The average number of years between the time a person is sentenced to death and the time the execution is carried out (if at all) is 11 years in Florida. Elledge is not even the longest-surviving death row inmate. Gary Alvord, who killed three Tampa women in 1973, has him beat by almost a year. And two-time murderer Douglas Meeks has called death row home since about two weeks before Elledge arrived.

One of the primary reasons that executions have continued to proceed at this languid pace is that the courts, particularly the Florida Supreme Court, are overburdened with death penalty reviews. The provision requiring that the state's highest court review every death sentence imposed has resulted in justices spending an inordinate amount of time on capital cases. Justice Gerald Kogan, who retired at the end of December after 12 years on the Florida Supreme Court, estimates that he spent 35 percent of his time reviewing the often-voluminous death cases. For newer justices, who are not familiar with the endlessly recycled cases, that figure is closer to 50 percent, Kogan says. This despite the fact that only about 3 percent of the cases that come before the Florida Supreme Court concern the death penalty.

"The people on death row are not appealing their cases for 20 years. Most of that 20 years is spent waiting in the queue," says Radelet. "The system is so overburdened it's collapsing from its own weight."

Like most who end up in the legal abyss of the death penalty, Billy Elledge's life wasn't much to speak of before he joined the ranks of the condemned. His world was one of chaos and abuse -- or as he puts it, "a piss-poor life."

Elledge grew up primarily in Southern California. His parents, for a time, were migrant farm workers. His father also worked as a radio and television repairman. Elledge's parents had aspirations of being country music stars, though, of jumping on the Bakersfield bandwagon that lifted Merle Haggard and Buck Owens to stardom in the late '50s. To this end they spent a lot of time in bars, drinking. And when they were finished drinking, they often fought. Dad would beat up mom, and mom in turn would take her frustrations out on her six kids. She beat Billy with "switches, plastic belts, skillet handles, brooms," according to one psychiatrist's report. Another mental evaluation recounts an incident in which Elledge's mother attempted to throw him out the window of a moving car. Elledge was also purportedly abused sexually as a child, by both men and women, by both strangers and family members.

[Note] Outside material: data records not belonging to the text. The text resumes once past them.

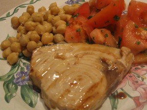 Buried in snow again and with the schools closed (the nightmare of the working parent), I have the quickest recipe for you today. Sword fish, grilled, and chick peas from a can.
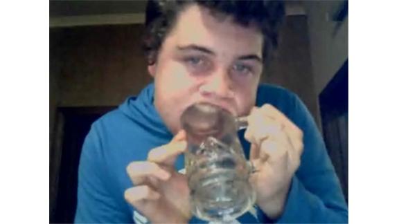 After trying it with one of my glasses at 8cm diameter, I have to say amazing job, I can't even get that in my mouth - can't get my jaw open enough. I think this guy needs to go for the record: http://today.msnbc.msn.com/id/39895473 and it reminds me of a photo I've always remembered in an old Guinness book: http://static.funnyjunk.com/pictures/0415.jpg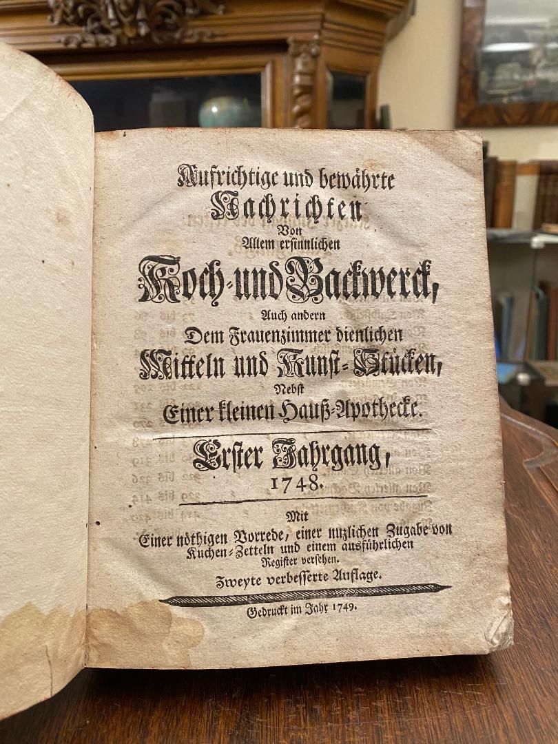 Aufrichtige und bewährte Nachrichten von Allem ersinnlichen Koch- und Backwerck, Auch andern Dem Frauenzimmer dienlichen Mitteln und Kunst-Stücken, Nebst einer kleinen Hauß-Apothecke – Erster Jahrgang, 1748. Mit Einer nöthigen Vorrede, einer nuzlichen Zugabe von Kuchen-Zetteln und einem ausführlichen Register versehen. Zweyte verbesserte Auflage. 2., verbesserte Aufl., 1. Jg. (von 2), Stuttgart, Johann Georg Dörr, 1749. 8° (21x17), 3 Bl., 442 S. [recte 406 i.e. 404 : Paginierung springt 287 auf 290, 441/442 falsch nummeriert] [so komplett], Hldr d.Zt., Einband stärker bestossen und mit Spuren des Alters, Bezugsfehlstelle, vordEcke stark gebraucht, innen nur vereinzelt wenig randig, gutes sauberes und festes Exemplar, [VD18 90207548.– Weiss, Gastronomia; 185.– Horn/Arndt, 221.– Georg, 302.– Kiefer, Sammlung Dittmar; 758].— Die erste nachweisbare kulinarische Wochenschrift, enthält fast ausschließlich Kochrezepte.– erschienen in 52 Einzelnummern. (Druckvermerk: ’Diese Blätter sind alle Monntage zu haben bey dem Hochfürstl. Wirttemb. Posthalter Johann Georg Dörr in Stuttgardt).– Die beiden erschienenen Jahrgänge bilden ein komplettes Kochbuch, das dann 1753 als ‚Neues wohleingerichtetes Kochbuch, aus mehr als 1500 Speisen … bestehend‘ erschien.—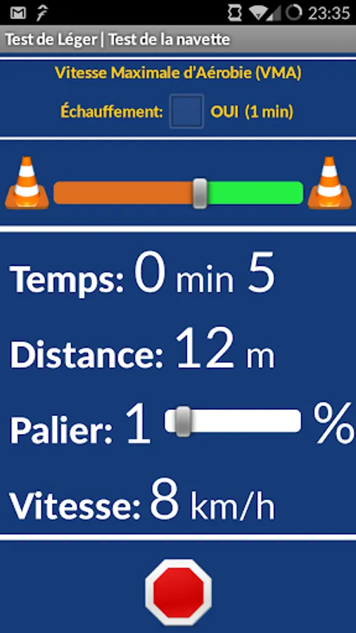 The Leger Test principle is to calculate the maximum aerobic speed (VMA) and estimate the maximum oxygen consumption.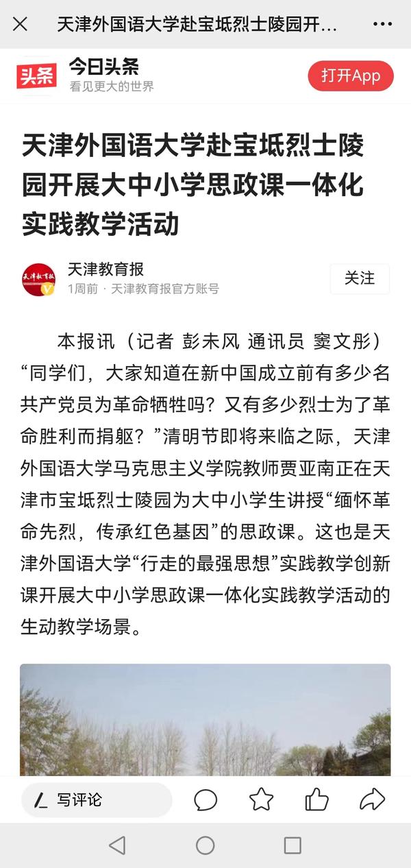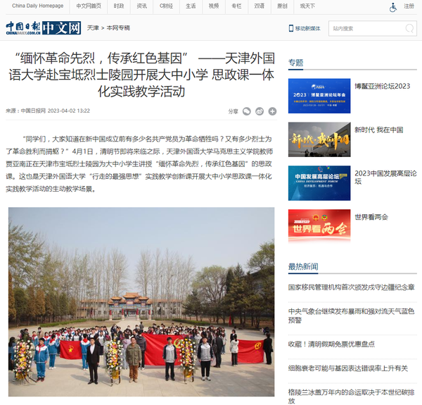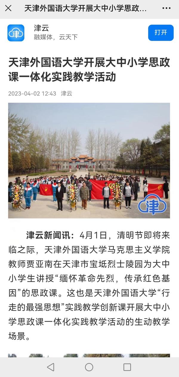 4月1日,清明节即将到来之际,开云登陆入口马克思主义学院教师贾亚南在宝坻区烈士陵园为大中小学学生开展“缅怀革命先烈 传承红色基因”思政课。这也是开云登陆入口“行走的最强思想”实践教学创新课开展大中小学思政课一体化实践教学活动创设的教学情景。中国日报网、央广网、天津日报、津云、天津教育报、宝坻新闻等多家媒体对此进行了报道。

By age 14 Elledge was drinking habitually himself. He ran away from home constantly, did drugs, committed robberies, and spent much of his time in and out of a juvenile correctional facility. He joined the army at age 19 but didn't see much service -- he was usually AWOL. By the time his 24-year life in the outside world came to a bloody end in Florida, Elledge had been arrested for grand theft, assault with a deadly weapon, battery, and possession of drugs, among other charges.